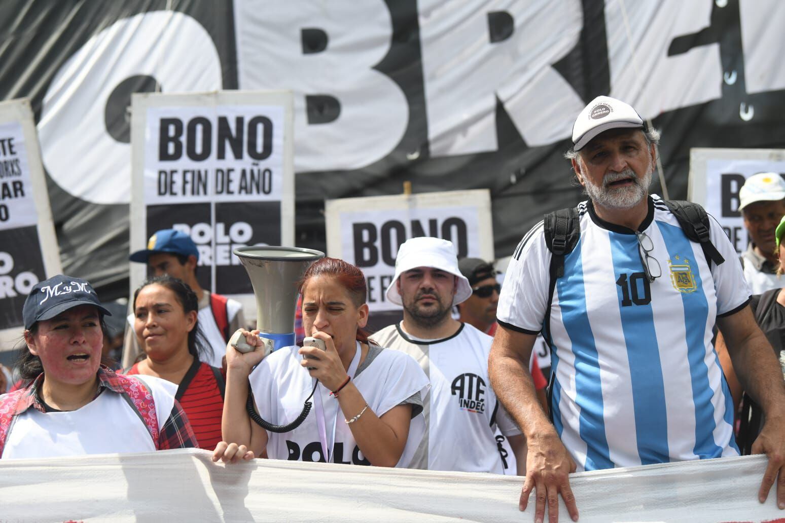 El reclamo inició esta tarde a las 13, cuando las columnas concentraron a los pies del Obelisco. A propósito de lo que se demanda, señalaron: “No aceptamos las bajas masivas que afectan a decenas de miles de compañeros que sobreviven con el programa Potenciar Trabajo, la falta de alimentos en los comedores populares y la burla de un bono miserable que pone de manifiesto que el ajuste del FMI golpea brutalmente a los que menos tienen”. El beneficio al que apuntan es que fue anunciado de manera oficial una semana atrás: de 13.500 pesos, en dos tramos.
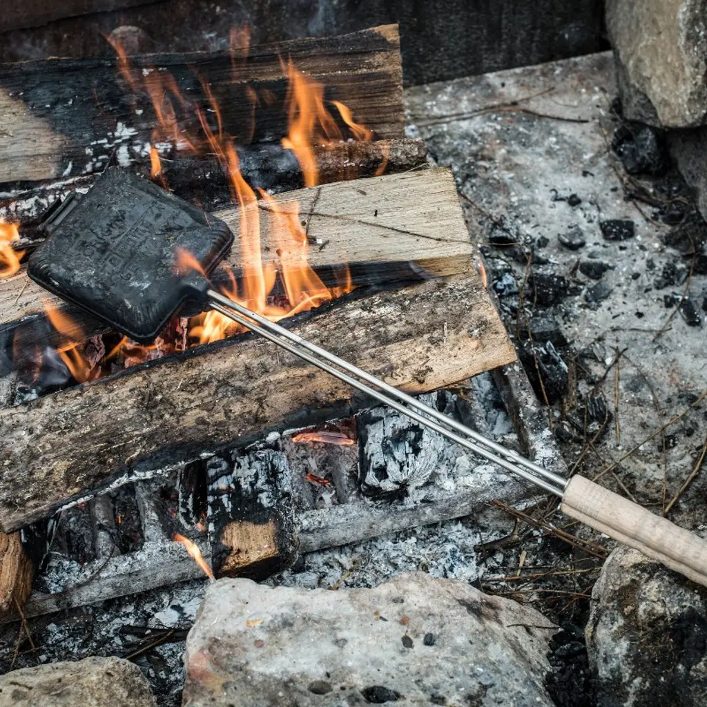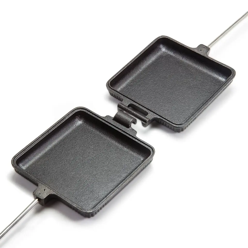 The Petromax Sandwich Iron is perfectly suitable for delicious toasts, bagels or dumplings. Whether as a snack at the campfire or as a great addition to your BBQ menu: sandwiches will now be toasted in the cast iron molds in the embers of the campfire or on the barbecue. The toasted bread is crusty and the stuffing deliciously juicy, for the toast pans of the sandwich iron store heat perfectly. Stuffed sandwiches and much more The pans, which can be separated thanks to a hinge, are ideal for toasts of 4.3" x 4.3". But other treats will be a success as well, for a practical locking hook keeps the toast pans together, so that nothing falls down. From sweet to savory, much can be tried out in the sandwich iron, for even the stored residual heat can be used for baking gently. The wooden handles fit comfortably in the hand, and the bar ensures enough distance from the source of heat. The cast iron can be used immediately, for it is provided with a (grade 3 soybean oil) pre-seasoned finish. For cleaning, you simply separate the cast iron halves thanks to the hinge. By the way, when cleaning, you will enjoy the amazing properties of cast iron, for it has a natural anti-adhesive effect.
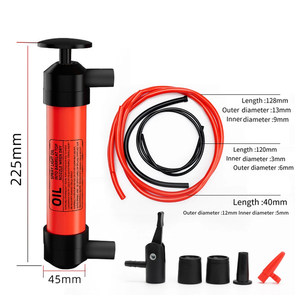 For Fuel Diesel Oil Kerosene Water Siphon Liquid Transfer Hand Pump Multi-Use FEATURES: SET INCLUDES 1 hand siphon transfer pump with 2 flexible discharge tubes and hose hooks. QUICK AND EASY Simply attach the hoses and necessary parts to the pump, insert one hose into the receptacle tank, insert the other into a bucket or any safe discharge container, and start pumping! AIR-TIGHT FLOW Forms a tight seal for quick and easy emptying of 1 to 5-gallon containers without the headaches. It helps form a continuous flow by not allowing air into the tube, making less work for you and more productivity. TRANSFER ALL LIQUIDS Easily such as kerosene, light oils, diesel, toluene, solvents, gas, water, and more. Don’t let gas sit in your snowblower over the winter, pump it out in seconds and store it for later or use it in your other motorized lawn care tools. MUST HAVE for the garage, bathroom, basement, yard, mechanics, emergencies, and more. Makes a great gift for Dad this Father’s Day or your favorite repairman. SPECIFICATION: Package Dimensions:225*45mm Lift Type:Mechanical
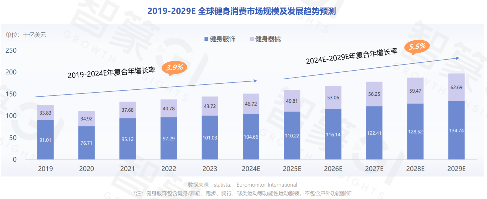 近年来,中国健身产业以年均18%的复合增长率快速发展,背后是4.2亿消费者对健康生活的重新定义。天猫作为行业数字化升级的主阵地,见证了从传统器械到智能生态、从单一消费到场景化解决方案的深刻变革。2024年全球健身消费市场规模预计达到1514亿美元,其中健身服饰和健身器械分别占1102亿美元和498亿美元。中国健身市场在政策推动和消费升级的双重作用下,迎来了黄金时代。
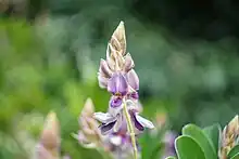 Afgekia mahidoliae, known as Kan Phai Mahidol (กันภัยมหิดล),[1] is a type of vine in the family Fabaceae. It is found in Kanchanaburi province, Thailand. Its leaves are compound with 4–6 pairs of leaflets. The stem has several petiolules. The dorsal side of the leaf has brown colored hairs. The flower is an erect panicle with white and purple color. The pod is flat, short and round. Its scientific name is given in the honor of her Royal Highness Princess Srinagarindra, the Princess Mother.[1]
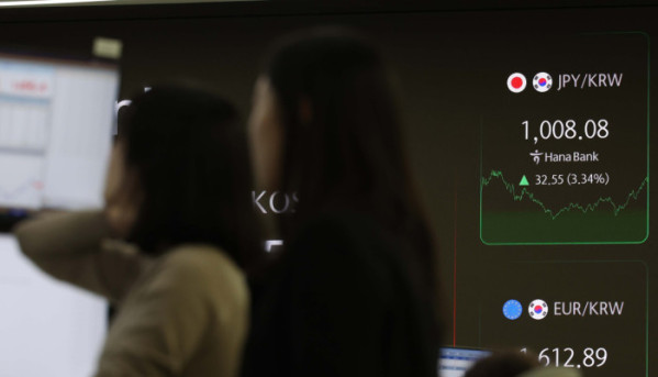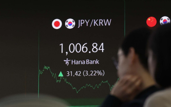 미국의 상호관세 여파로 안전자산으로 분류되는 엔화의 가치가 급등하고 있다. 원·엔 환율이 100엔당 1000원을 넘어선 7일 서울 중구 하나은행 본점 딜링룸에서 딜러들이 업무를 보고 있다.

────────────────

Problem
The copy you write must hold every record verbatim and none of the pictures.

Reply
 El reclamo inició esta tarde a las 13, cuando las columnas concentraron a los pies del Obelisco. A propósito de lo que se demanda, señalaron: “No aceptamos las bajas masivas que afectan a decenas de miles de compañeros que sobreviven con el programa Potenciar Trabajo, la falta de alimentos en los comedores populares y la burla de un bono miserable que pone de manifiesto que el ajuste del FMI golpea brutalmente a los que menos tienen”. El beneficio al que apuntan es que fue anunciado de manera oficial una semana atrás: de 13.500 pesos, en dos tramos.
 The Petromax Sandwich Iron is perfectly suitable for delicious toasts, bagels or dumplings. Whether as a snack at the campfire or as a great addition to your BBQ menu: sandwiches will now be toasted in the cast iron molds in the embers of the campfire or on the barbecue. The toasted bread is crusty and the stuffing deliciously juicy, for the toast pans of the sandwich iron store heat perfectly. Stuffed sandwiches and much more The pans, which can be separated thanks to a hinge, are ideal for toasts of 4.3" x 4.3". But other treats will be a success as well, for a practical locking hook keeps the toast pans together, so that nothing falls down. From sweet to savory, much can be tried out in the sandwich iron, for even the stored residual heat can be used for baking gently. The wooden handles fit comfortably in the hand, and the bar ensures enough distance from the source of heat. The cast iron can be used immediately, for it is provided with a (grade 3 soybean oil) pre-seasoned finish. For cleaning, you simply separate the cast iron halves thanks to the hinge. By the way, when cleaning, you will enjoy the amazing properties of cast iron, for it has a natural anti-adhesive effect.
 For Fuel Diesel Oil Kerosene Water Siphon Liquid Transfer Hand Pump Multi-Use FEATURES: SET INCLUDES 1 hand siphon transfer pump with 2 flexible discharge tubes and hose hooks. QUICK AND EASY Simply attach the hoses and necessary parts to the pump, insert one hose into the receptacle tank, insert the other into a bucket or any safe discharge container, and start pumping! AIR-TIGHT FLOW Forms a tight seal for quick and easy emptying of 1 to 5-gallon containers without the headaches. It helps form a continuous flow by not allowing air into the tube, making less work for you and more productivity. TRANSFER ALL LIQUIDS Easily such as kerosene, light oils, diesel, toluene, solvents, gas, water, and more. Don’t let gas sit in your snowblower over the winter, pump it out in seconds and store it for later or use it in your other motorized lawn care tools. MUST HAVE for the garage, bathroom, basement, yard, mechanics, emergencies, and more. Makes a great gift for Dad this Father’s Day or your favorite repairman. SPECIFICATION: Package Dimensions:225*45mm Lift Type:Mechanical
 近年来,中国健身产业以年均18%的复合增长率快速发展,背后是4.2亿消费者对健康生活的重新定义。天猫作为行业数字化升级的主阵地,见证了从传统器械到智能生态、从单一消费到场景化解决方案的深刻变革。2024年全球健身消费市场规模预计达到1514亿美元,其中健身服饰和健身器械分别占1102亿美元和498亿美元。中国健身市场在政策推动和消费升级的双重作用下,迎来了黄金时代。
 Afgekia mahidoliae, known as Kan Phai Mahidol (กันภัยมหิดล),[1] is a type of vine in the family Fabaceae. It is found in Kanchanaburi province, Thailand. Its leaves are compound with 4–6 pairs of leaflets. The stem has several petiolules. The dorsal side of the leaf has brown colored hairs. The flower is an erect panicle with white and purple color. The pod is flat, short and round. Its scientific name is given in the honor of her Royal Highness Princess Srinagarindra, the Princess Mother.[1]
 미국의 상호관세 여파로 안전자산으로 분류되는 엔화의 가치가 급등하고 있다. 원·엔 환율이 100엔당 1000원을 넘어선 7일 서울 중구 하나은행 본점 딜링룸에서 딜러들이 업무를 보고 있다.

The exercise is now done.